Fisheries is looking to be a final showdown in talks as a number of EU coastal states are pushing for their access to UK waters to remain unchanged. However, negotiations over fisheries might not be a simple conversation between the EU and UK as other EU states with no exposure to UK fisheries will be expecting some concessions from their side in order to ensure trade with the EU's second-largest export market is not damaged by a 'no deal' outcome.
After all, fisheries makes up less than 1.0% of the EU economy.
"There's been some progress on Level Playing Field. There's been little to no progress unfortunately on fishing, and both sides are still far apart. EU fishermen are not going to be sold out... to get an agreement on a future relationship with the UK on trade," said Irish foreign minister Simon Coveney on Tuesday.
Ireland joins Spain and France in seeking to ensure the EU has as much access to UK fishing waters as they currently do.
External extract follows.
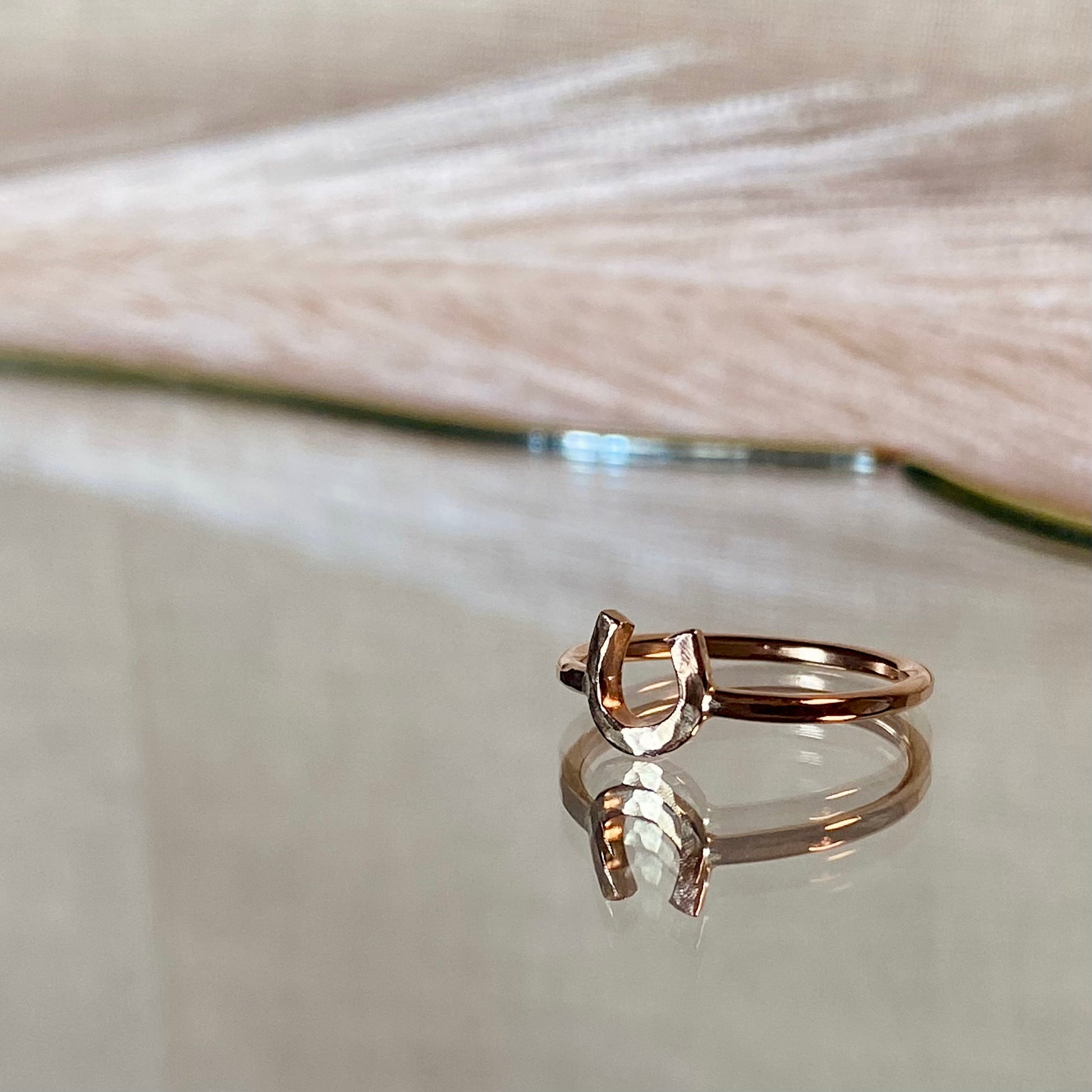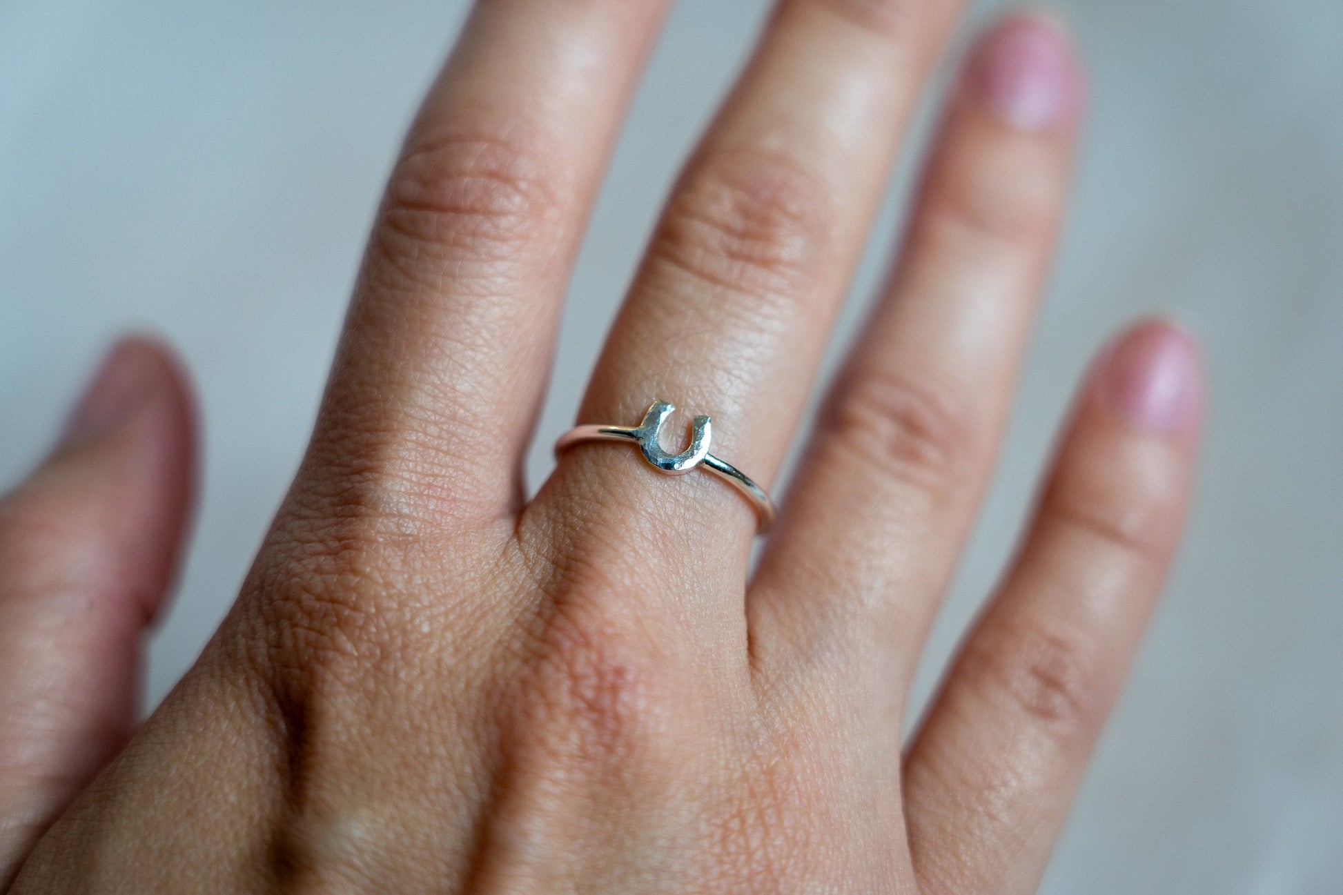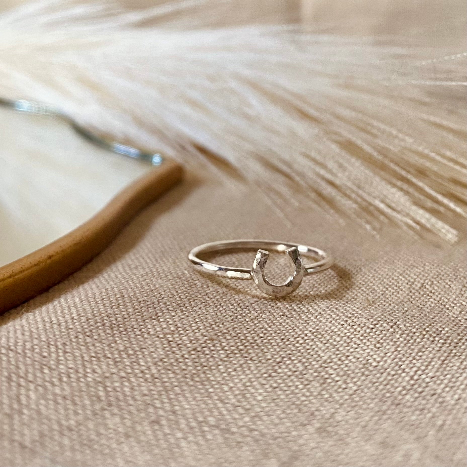 Western style, dainty horseshoe ring. Everyday wear ring to match your country flare. This cute country style ring is made of .925 sterling silver with a hammered style finish.

France is proving particularly adamant that it must retain the same levels of access to UK waters for its fishermen as part of any Brexit deal.
However, the UK argues that as an independent coastal state it should take back full control of its waters.
"President Macron has stood firm on the grounds that he would not allow French fishermen to be sacrificed, despite warning from Chief EU Brexit negotiator Barnier last week that it was not feasible that the EU keeps the same access to UK waters," says Foley.
One prominent reporter we follow, owing to his strong track record on reporting on Brexit negotiations over the past four years, says that it could be a good omen for a deal that talks are now stuck over the issue of fisheries.
"When both sides start singling out fisheries as the main obstacle then we're almost there. The expectation has always been that it'll be left to last for leaders, to provide their deal-clinching moment in the sun. Ultimately to the EU it's less important than LPF and governance," says Nick Gutteridge, freelance Brussels reporter, currently contributing to The Sun.
The UK has said it although it would regain full control over its waters it would allow access to foreign boats according to agreements that would be renegotiated annually, whether other EU countries can prise some concessions out of France and Spain will be key to the success of talks.
"Given the very tangible threat of a no-trade-deal Brexit the pound is proving to be sensitive to news headlines on the issue. Even if a deal is signed in the coming weeks, the risk that some businesses potentially in the services sector will receive scant provision coupled with the prospect that a deal may not prevent long queues at the UK’s border from January 1 suggests that Brexit related headlines are unlikely to end any time soon," says Foley.